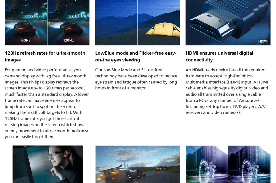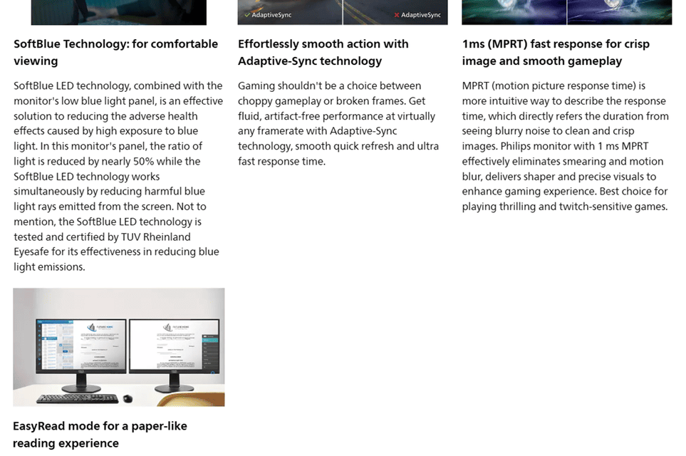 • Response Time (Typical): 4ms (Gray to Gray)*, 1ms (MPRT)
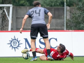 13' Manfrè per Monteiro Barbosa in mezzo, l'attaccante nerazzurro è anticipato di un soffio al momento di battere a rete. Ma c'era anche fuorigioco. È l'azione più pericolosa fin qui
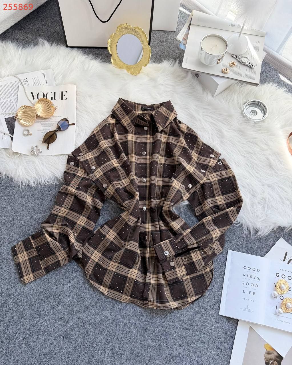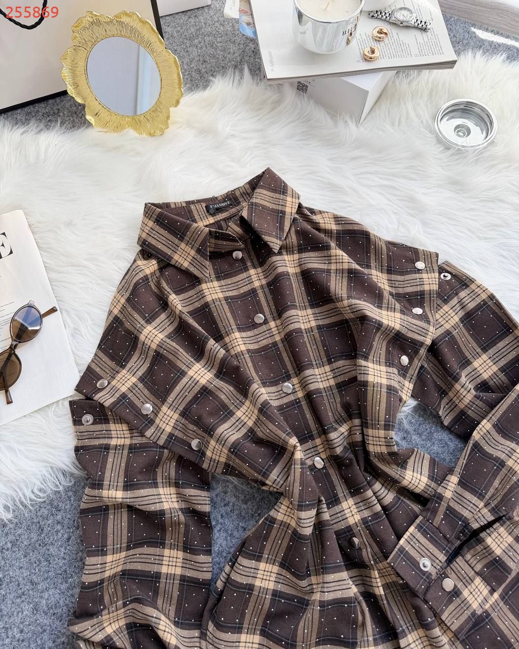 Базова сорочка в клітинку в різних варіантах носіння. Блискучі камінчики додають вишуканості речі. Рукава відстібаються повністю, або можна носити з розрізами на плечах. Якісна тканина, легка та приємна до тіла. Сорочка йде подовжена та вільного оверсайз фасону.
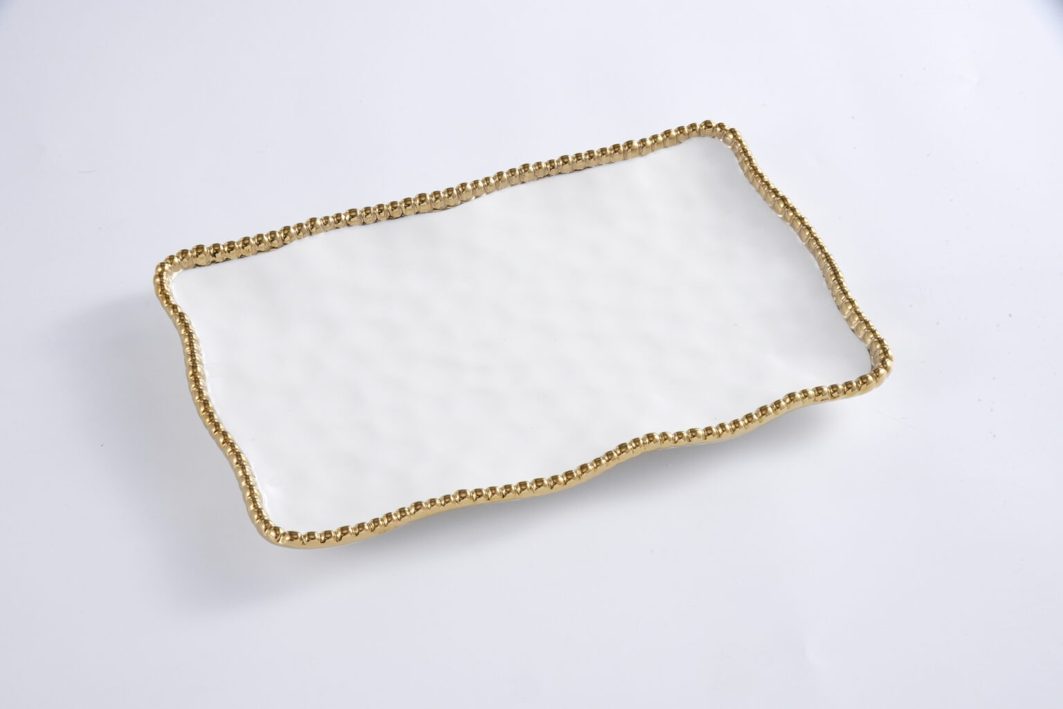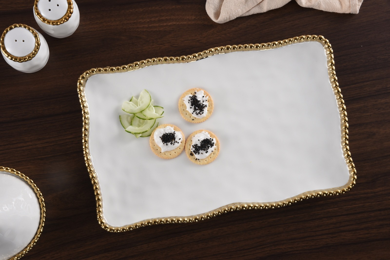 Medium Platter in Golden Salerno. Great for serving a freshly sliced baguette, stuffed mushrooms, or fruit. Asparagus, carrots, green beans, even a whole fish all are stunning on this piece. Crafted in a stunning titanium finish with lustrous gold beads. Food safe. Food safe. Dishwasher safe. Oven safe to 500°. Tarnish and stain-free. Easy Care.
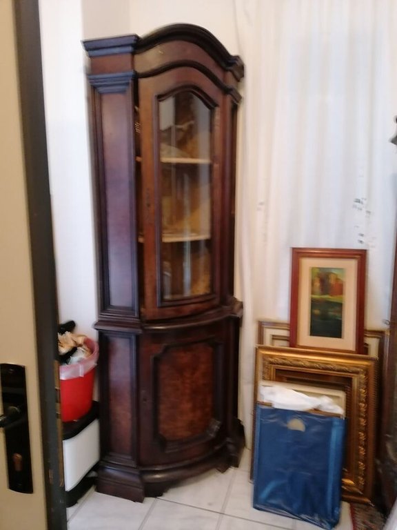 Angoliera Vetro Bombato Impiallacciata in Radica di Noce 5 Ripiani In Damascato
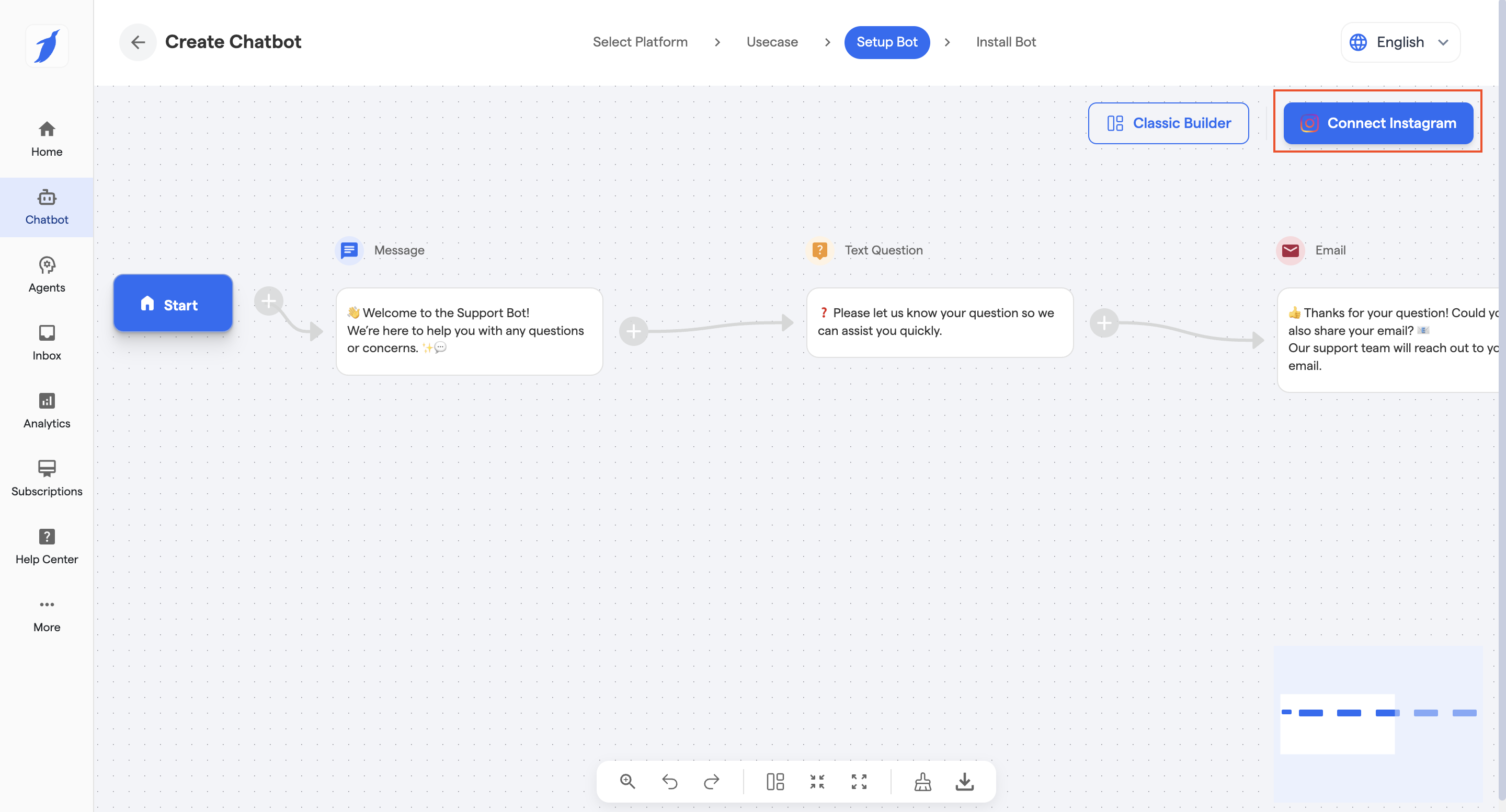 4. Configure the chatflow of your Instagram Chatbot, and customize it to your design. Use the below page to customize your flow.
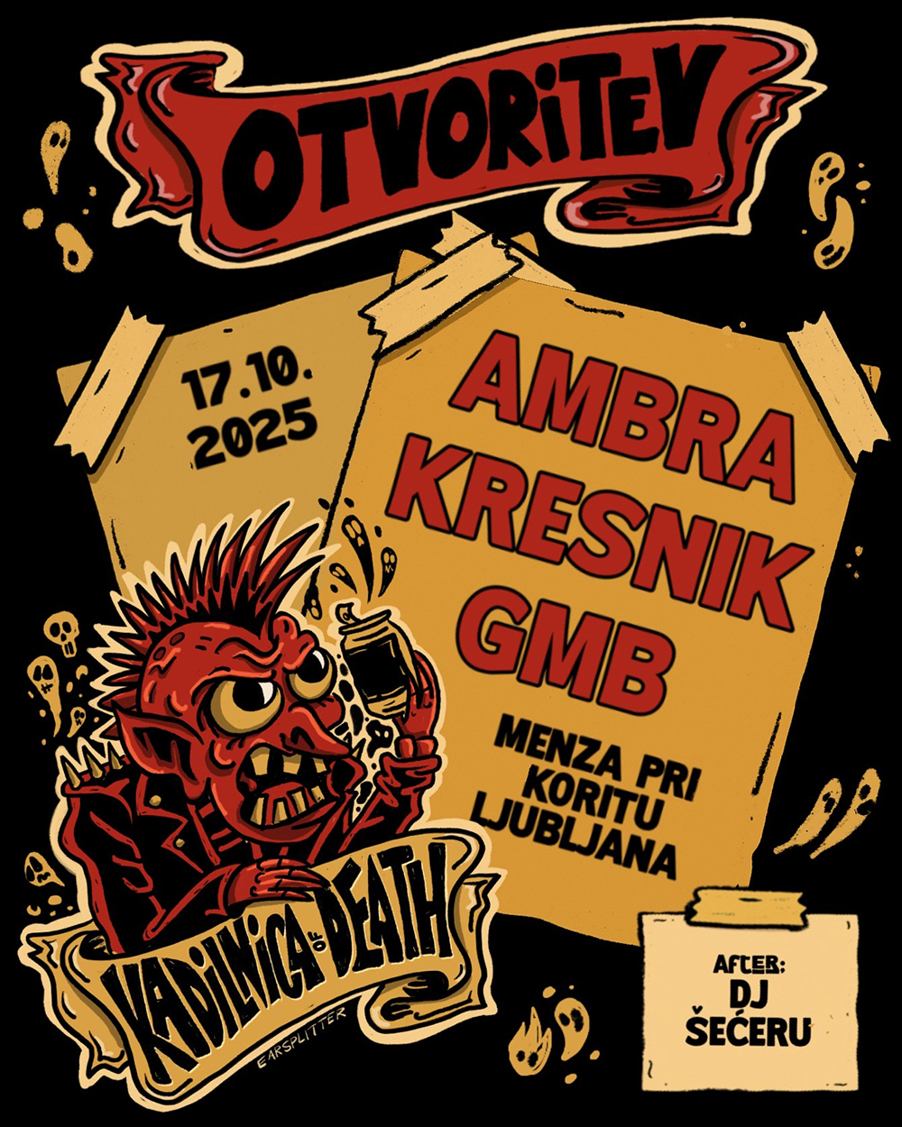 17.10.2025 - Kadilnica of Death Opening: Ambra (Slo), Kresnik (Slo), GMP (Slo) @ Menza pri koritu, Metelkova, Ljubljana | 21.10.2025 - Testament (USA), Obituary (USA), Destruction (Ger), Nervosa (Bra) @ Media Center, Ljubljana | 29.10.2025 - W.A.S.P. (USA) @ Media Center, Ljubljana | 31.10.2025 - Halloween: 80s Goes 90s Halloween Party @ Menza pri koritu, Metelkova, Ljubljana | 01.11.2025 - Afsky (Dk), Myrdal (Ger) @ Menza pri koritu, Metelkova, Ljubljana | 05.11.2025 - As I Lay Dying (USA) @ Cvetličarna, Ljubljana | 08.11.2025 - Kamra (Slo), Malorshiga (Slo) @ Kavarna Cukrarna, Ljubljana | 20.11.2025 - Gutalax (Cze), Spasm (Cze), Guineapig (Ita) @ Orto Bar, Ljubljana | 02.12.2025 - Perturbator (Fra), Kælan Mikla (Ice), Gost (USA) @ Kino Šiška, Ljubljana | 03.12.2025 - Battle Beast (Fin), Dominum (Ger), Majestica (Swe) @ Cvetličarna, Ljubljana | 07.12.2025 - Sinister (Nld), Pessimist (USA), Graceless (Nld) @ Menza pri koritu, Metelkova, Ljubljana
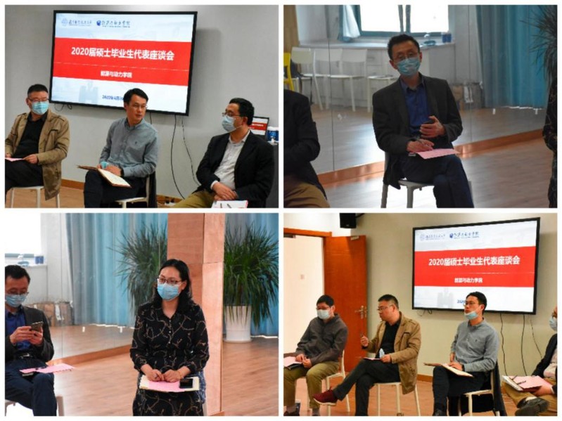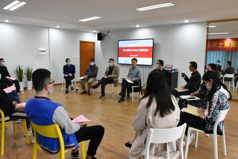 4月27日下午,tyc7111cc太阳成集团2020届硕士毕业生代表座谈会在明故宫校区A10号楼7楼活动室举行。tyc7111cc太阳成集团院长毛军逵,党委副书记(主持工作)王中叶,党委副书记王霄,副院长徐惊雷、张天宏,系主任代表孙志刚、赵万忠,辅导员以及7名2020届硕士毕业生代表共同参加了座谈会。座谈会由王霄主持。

§ §

TASK DETAILS →
Set the pictures aside and reproduce the data above exactly.

WRITTEN ANSWER →
 • Response Time (Typical): 4ms (Gray to Gray)*, 1ms (MPRT)
 13' Manfrè per Monteiro Barbosa in mezzo, l'attaccante nerazzurro è anticipato di un soffio al momento di battere a rete. Ma c'era anche fuorigioco. È l'azione più pericolosa fin qui
 Базова сорочка в клітинку в різних варіантах носіння. Блискучі камінчики додають вишуканості речі. Рукава відстібаються повністю, або можна носити з розрізами на плечах. Якісна тканина, легка та приємна до тіла. Сорочка йде подовжена та вільного оверсайз фасону.
 Medium Platter in Golden Salerno. Great for serving a freshly sliced baguette, stuffed mushrooms, or fruit. Asparagus, carrots, green beans, even a whole fish all are stunning on this piece. Crafted in a stunning titanium finish with lustrous gold beads. Food safe. Food safe. Dishwasher safe. Oven safe to 500°. Tarnish and stain-free. Easy Care.
 Angoliera Vetro Bombato Impiallacciata in Radica di Noce 5 Ripiani In Damascato
 4. Configure the chatflow of your Instagram Chatbot, and customize it to your design. Use the below page to customize your flow.
 17.10.2025 - Kadilnica of Death Opening: Ambra (Slo), Kresnik (Slo), GMP (Slo) @ Menza pri koritu, Metelkova, Ljubljana | 21.10.2025 - Testament (USA), Obituary (USA), Destruction (Ger), Nervosa (Bra) @ Media Center, Ljubljana | 29.10.2025 - W.A.S.P. (USA) @ Media Center, Ljubljana | 31.10.2025 - Halloween: 80s Goes 90s Halloween Party @ Menza pri koritu, Metelkova, Ljubljana | 01.11.2025 - Afsky (Dk), Myrdal (Ger) @ Menza pri koritu, Metelkova, Ljubljana | 05.11.2025 - As I Lay Dying (USA) @ Cvetličarna, Ljubljana | 08.11.2025 - Kamra (Slo), Malorshiga (Slo) @ Kavarna Cukrarna, Ljubljana | 20.11.2025 - Gutalax (Cze), Spasm (Cze), Guineapig (Ita) @ Orto Bar, Ljubljana | 02.12.2025 - Perturbator (Fra), Kælan Mikla (Ice), Gost (USA) @ Kino Šiška, Ljubljana | 03.12.2025 - Battle Beast (Fin), Dominum (Ger), Majestica (Swe) @ Cvetličarna, Ljubljana | 07.12.2025 - Sinister (Nld), Pessimist (USA), Graceless (Nld) @ Menza pri koritu, Metelkova, Ljubljana
 4月27日下午,tyc7111cc太阳成集团2020届硕士毕业生代表座谈会在明故宫校区A10号楼7楼活动室举行。tyc7111cc太阳成集团院长毛军逵,党委副书记(主持工作)王中叶,党委副书记王霄,副院长徐惊雷、张天宏,系主任代表孙志刚、赵万忠,辅导员以及7名2020届硕士毕业生代表共同参加了座谈会。座谈会由王霄主持。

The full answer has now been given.